I had my laptop and worked when I could, which made me feel good, but it was my family who proved the greater medicine. Encouragement and a showering of love and assistance revitalized me and pushed me forward. Being cooped up for three days with no fresh air and limited mobility was the worst, but they helped make it tolerable.
I got calls or texts from NHRA’s upper management, from Glen Cromwell on down the line, wishing me well. Our HR department was amazing, helping me navigate the healthcare benefits program.
The cardiologist and surgeon visited every day and were pleased with my progress and vital signs, and, sure enough, I got out in three days. I had walked in, but hospital policy required a wheelchair exit. From a Wednesday morning angiogram to a Thursday surgery and here it was, Sunday evening, and I was sprung. Modern medicine at its best.
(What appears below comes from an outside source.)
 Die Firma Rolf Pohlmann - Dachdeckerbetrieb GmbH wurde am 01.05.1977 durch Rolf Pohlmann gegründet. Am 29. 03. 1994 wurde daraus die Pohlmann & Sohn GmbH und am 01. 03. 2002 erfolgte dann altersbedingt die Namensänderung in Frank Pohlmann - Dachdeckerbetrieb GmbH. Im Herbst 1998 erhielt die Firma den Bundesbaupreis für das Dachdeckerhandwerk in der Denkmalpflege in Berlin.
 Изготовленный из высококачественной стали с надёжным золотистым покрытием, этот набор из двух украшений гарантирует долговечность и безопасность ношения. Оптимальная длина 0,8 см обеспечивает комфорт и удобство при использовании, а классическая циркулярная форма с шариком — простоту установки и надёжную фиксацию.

I got sent home with a whole set of directives on what I could and couldn’t do and enough medication to stock a pharmacy. A new diet is on the list, too, to make sure I never end up back there again, and I’m told that, in moderation and with an otherwise balanced diet, nothing is off the table for an occasional treat, so I’m looking forward to an In-N-Out Double Double.
I felt well enough Monday to finish writing the remaining articles on my assignment list and participated fully in the completion of the magazine. That felt really good, but, as you can imagine, it was tiring. My days are still that way; I get up, work for an hour or so, then take a breather before going back at it again.
I wrote this column for a number of reasons, none of which is to hypocritically preach that you eat better (but I hope you do). I kept this whole thing on the down-low to avoid the attention and the worry of the many people in my universe, but now that things are looking good, here it is. I wanted to explain my recent absence from this column to the Insider Nation and tell you that I hope to be back at it here early next year.
I’m blessed to be supported by family and friends who are there to keep me encouraged even through the expected minor setbacks. My plan is to return to the office in January and not miss the Gatornationals in March.
I thought a lot about all of the people I’d known and lost who had heart issues. My dear friend Leslie Lovett, who had been on a fishing trip when he suffered a fatal heart attack. National Dragster clown prince Bill Crites. The dear ol’ Mongoose, Tom McEwen. So many others. Just this year I eulogized Danny Ongais and Bill Schultz, both of who passed due to heart issues. It all hit close to home.
So much went so right for me to end up sitting here typing this to share with all of you. When I think about having a massive heart attack on an airplane or in the car driving to work or even laying in bed, the picture’s not pretty. It’s my little Christmas miracle to my family and friends, and to myself, pulled off by incredible doctors and nurses and modern medicine.
I’ll be back, hopefully stronger than ever, to continue this incredible life’s work with which I was blessed. Thanks in advance for your well-wishes and support. I’ll see you in 2023.